Put the predicted values and the observed values in two columns of a spreadsheet and use the correl function.

Say the predicted values are A1 to A10 and the observed values are B1 to B10. Compute the correlation with =correl(A1:A10,B1:B10).

The coefficient of determination discussed above (r squared) is this value (r) squared. This value (r) is the correlation between the predicted and observed values. It ranges from -1 to 1.

 

[24forChromium]

Put the predicted values and the observed values in two columns of a spreadsheet and use the correl function.

Say the predicted values are A1 to A10 and the observed values are B1 to B10. Compute the correlation with =correl(A1:A10,B1:B10).

The coefficient of determination discussed above (r squared) is this value (r) squared. This value (r) is the correlation between the predicted and observed values. It ranges from -1 to 1.

I would like to just make sure that this tells me how similar A1-A10 resemble B1-B10; and that the (r squared) is in some way "independent" of the magnitude of values for A and B.
Also, I have heard that by multiplying the r^2 by 100%, one can claim that blank percent of the variations in the observed dependent can be explained by the model, would this be true when the input is not the independent and the dependent but rather the theoretical and empirical?

 

[Dr. Courtney]

I would like to just make sure that this tells me how similar A1-A10 resemble B1-B10; and that the (r squared) is in some way "independent" of the magnitude of values for A and B.

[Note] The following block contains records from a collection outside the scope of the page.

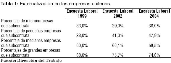 Dentro de todas las empresas, las que más externalizan servicios, son las grandes empresas, cuyo porcentaje llegó el año 2004 a prácticamente donde el porcentaje no alcanza el 40% (ver Tabla 1).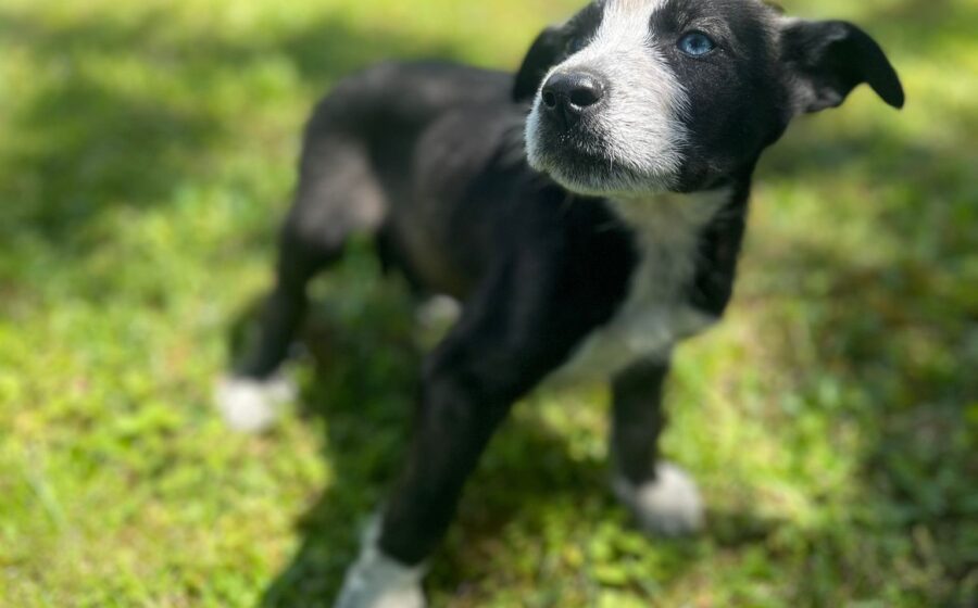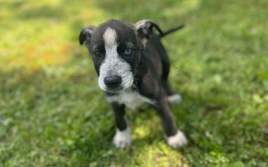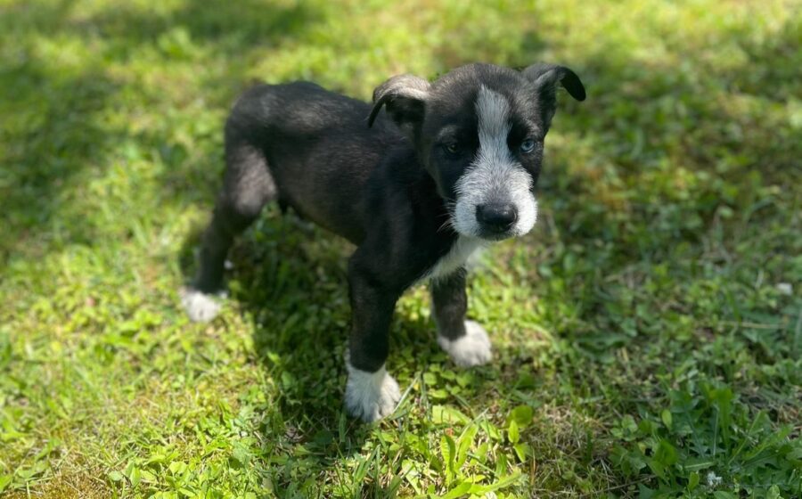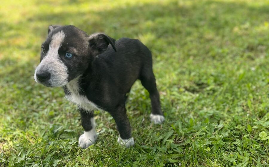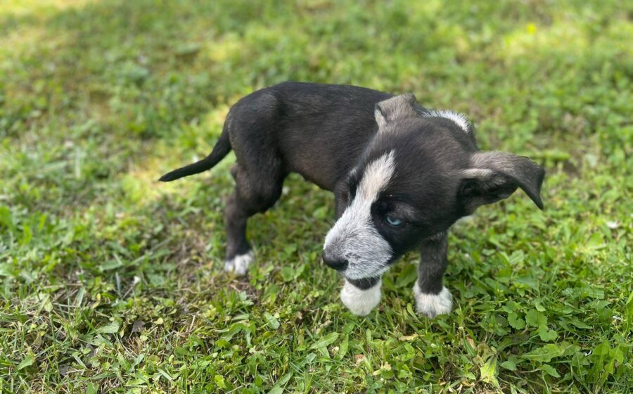 Der auffällige Blinky mit den unterschiedlich gefärbten Augen ist genau wie seine Geschwister ein kleiner Kämpfer, sonst hätte er es sicher nicht geschafft, unter so schweren Startbedingungen zu einem lebensfrohen, gesunden Welpen heranzuwachsen. Er ist freundlich und aufgeschlossen und ein verspielter, kleiner Rüde. Er liebt es, mit seinen Geschwistern herumzutollen.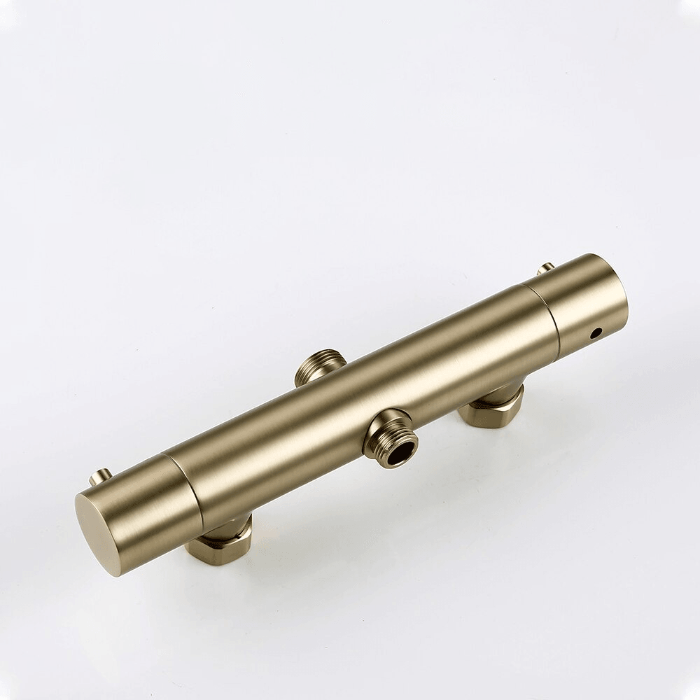 - Materials: Premium brass with brushed gold finish, stainless steel hose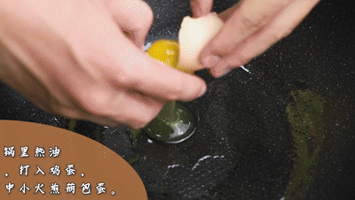 鍋里熱油,打入雞蛋,中小火煎荷包蛋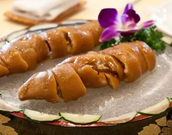 原料:豬蹄、香葉、蔥、姜、香糟鹵、料酒做法1.將豬蹄颳去豬毛洗凈,切成小塊;2.洗凈的豬蹄放入沸水汆3分鐘,洗去浮沫;3.鍋內加足量的清水、蔥段、薑片、香葉,將豬蹄放入鍋中,旺火燒沸后加料酒,用小火燒1小時左右; 4.將煮好的豬蹄過涼開水,洗去豬蹄表面的浮油,然後泡在涼開水中充分降溫;5.將冷卻后的豬蹄放入盛器,加入香糟鹵並淹沒豬蹄,加蓋入冰箱冷藏腌漬一夜;6.隔天取出裝盤即可。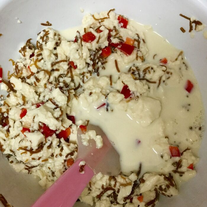 豆腐を加えて混ぜます。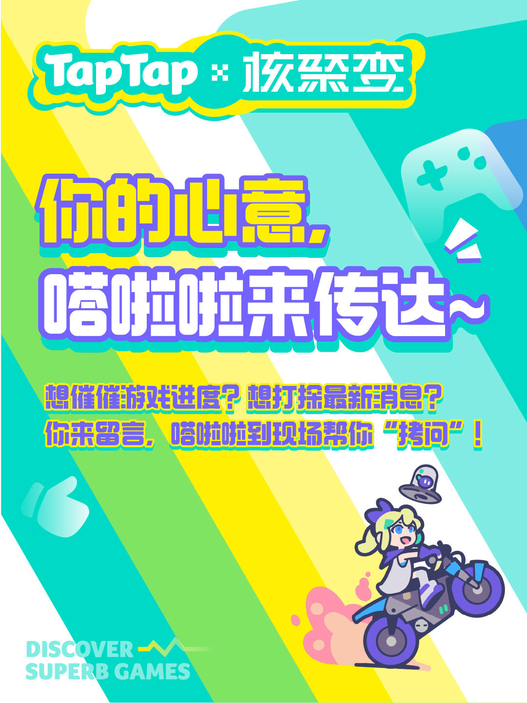 A:(,,´•ω•)ノ"(´っω•`。)摸摸头!你的心意,嗒啦啦来传达!想催催游戏进度?想打探最新消息?你来留言,嗒啦啦到现场帮你“拷问”开发者!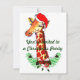 Uma girafa adorável com olhos grandes e um chapéu de Papai Noel fazem uma roupa de Natal de uma criança doce ou a vestem para celebrar a beleza no Natal.

Yes. For example, your could change the units of A and B without changing the value of the resulting r squared.

Also, I have heard that by multiplying the r^2 by 100%, one can claim that blank percent of the variations in the observed dependent can be explained by the model, would this be true when the input is not the independent and the dependent but rather the theoretical and empirical?

This is a common interpretation, but there are a lot of subtleties relating to the uncertainties, whether errors are random, and whether measurement errors are normally distributed.

You can report a correlation coefficient (r) and/or a coefficient of determination (r squared) simply as quantification of how much two series resemble each other (your original question) without trying to make the deeper interpretation.